RIWAYAT MENYAJIKAN: Sebuah lukisan tahun 1935 oleh Mary Belle Williams adalah potret Kate Sessions, sang ahli botani terkenal, ahli kebun, dan arsitek lanskap yang dikenal sebagai “Ibu Taman Balboa”. Lukisan ini dipamerkan di perpustakaan pusat. (Gambar milik Koleksi Seni Sipil San Diego dan warisan Mary Belle Williams.)
Hari Ibu tiba setiap tahun sebagai perayaan dengan bunga, makan siang, kartu tulisan tangan, dan posting media sosial, tetapi di balik itu terdapat sesuatu yang lebih tua dan lebih mendalam. Di sepanjang sejarah manusia, masyarakat telah menghormati maternal tidak hanya sebagai peran biologis tetapi sebagai kekuatan budaya: penjaga ingatan, pemancar identitas, pelindung, guru pertama, seniman asli.

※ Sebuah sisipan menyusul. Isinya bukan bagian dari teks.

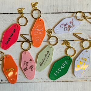 Escape Vintage Motel Style Keychain with Gold Hardware
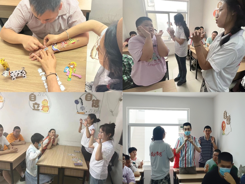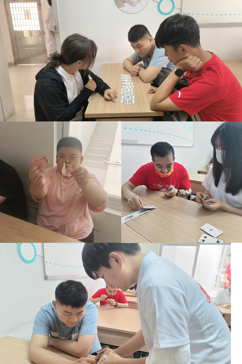 二是聚焦智育,提升学员智力水平。智育组成员依托益智类游戏(扑克牌、折纸和积木等),激发学员浓厚兴趣,同时也对学员智力提升提供帮助。智育组队长帅栾伟表示:智力障碍群体是每位当代青年都必须关心关爱的群体,智力开发是帮助该群体的有效手段,每位青年都应积极投入到助残行动中来。
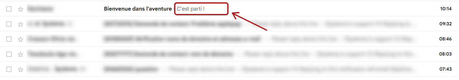 Exemple : l’aperçu de cet email était trop court, Gmail a repris la première ligne du texte de l’email. Le résultat est un peu maladroit et aurait pu être évité avec un aperçu d’email plus long.
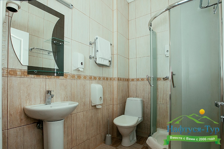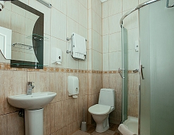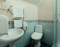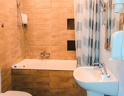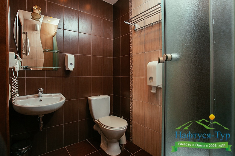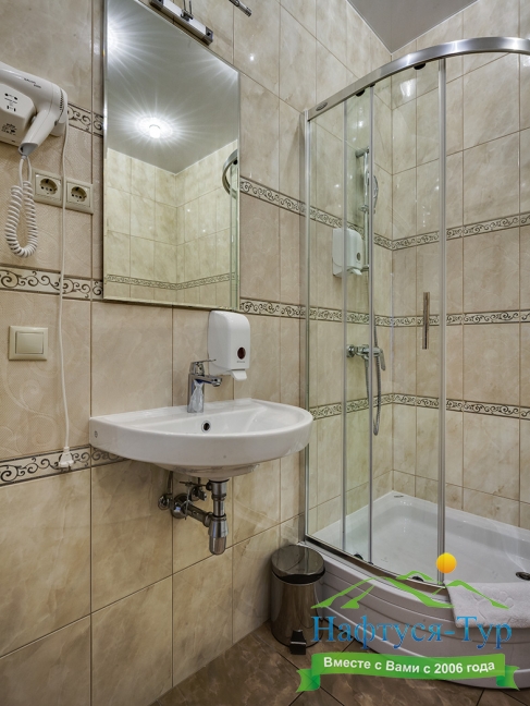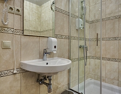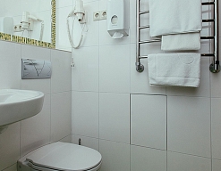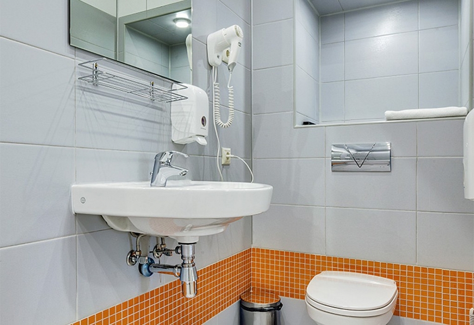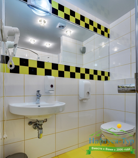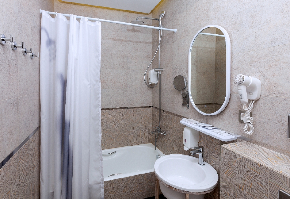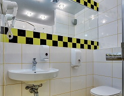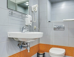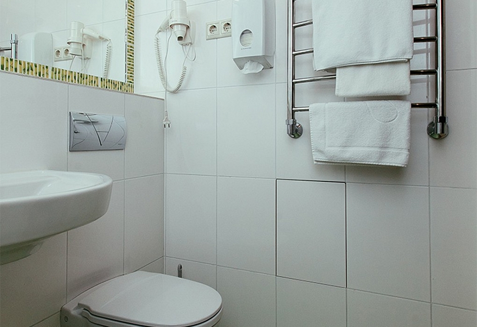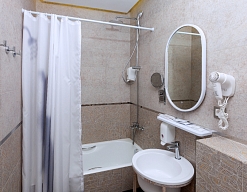 с ванной или душевой кабиной, туалетные принадлежности, фен

Pada saat Kota San Diego mengusulkan pemotongan dana seni dan budaya yang dalam, patut diingat bahwa maternal selalu menjadi pusat dalam pemahaman peradaban tentang diri mereka. Menghentikan pendanaan seni dalam banyak hal, memutuskan garis keturunan tersebut.
Objek seni tertua yang diketahui yang menggambarkan sosok manusia bukanlah seorang raja, seorang prajurit, atau seorang pendeta. Itu adalah seorang ibu. Venus dari Willendorf, yang dikerjakan lebih dari 30.000 tahun yang lalu, adalah patung kapur kecil dengan bentuk yang dilebih-lebihkan, sebuah perayaan kesuburan, kelimpahan, dan kekuatan generatif wanita.
Imagery maternal, sebenarnya adalah salah satu pusat konstan dalam sejarah seni global. Dari dewi Mesir Isis yang menyusui Horus, hingga tradisi suku asli di Amerika Utara yang menghormati ibu seperti suku Navajo (Diné), hingga dewi kesuburan Aztec Coatlicue, gambar ibu selalu menjadi wadah untuk identitas budaya dan sejarah hidup. Dia adalah orang yang meneruskan cerita.
Lanskap seni San Diego sendiri mencerminkan garis keturunan ini. Para seniman dari wilayah kita, terutama perempuan, seniman imigran dan perbatasan, telah lama mengeksplorasi tema-tema keibuan, warisan budaya dan tenaga pengasuhan yang menopang komunitas.
Banyak dari karya ini ditempatkan dengan tenang di perpustakaan cabang, taman, dan bangunan sipil yang menggambarkan keluarga, komunitas, identitas, dan hubungan antargenerasi. Mereka mengingatkan kita bahwa perempuan, terutama ibu, selalu menjadi pusat kelanjutan budaya.
Seni dan pendanaan budaya adalah tanggung jawab kewargaan, dan seni publik adalah bagaimana kota-kota mengingat. Ini adalah bagaimana kita menghormati orang-orang yang membangunnya, bagaimana kita mengakui komunitas yang terpinggirkan, dan bagaimana kita membayangkan masa depan bersama.
Mother’s Day menawarkan sebuah titik kontra, itu adalah pengingat bahwa pengasuhan, kreativitas, dan ingatan budaya tidak dapat dipisahkan. The maternal bukanlah hiasan, itu adalah dasar. Seni adalah salah satu sistem publik yang mengakui dan meningkatkan kebenaran itu.
Di kota perbatasan seperti San Diego dan Tijuana, di mana identitas merupakan lapisan, berpori, dan kompleks, seni berfungsi sebagai jaringan penyambung, seperti gambar-gambar maternal yang menjaga keluarga dan sejarah bersama.
Pada Hari Ibu/Día de las Madres ini, saat kita menghormati wanita yang merawat kita, biologis, simbolis, atau yang dipilih, kita juga harus menghormati infrastruktur budaya yang menyimpan cerita mereka. Koleksi Seni Sipil kota ini sudah mengandung benih pengakuan ini. Yang dibutuhkan sekarang adalah investasi yang bermakna, bukan penelantaran.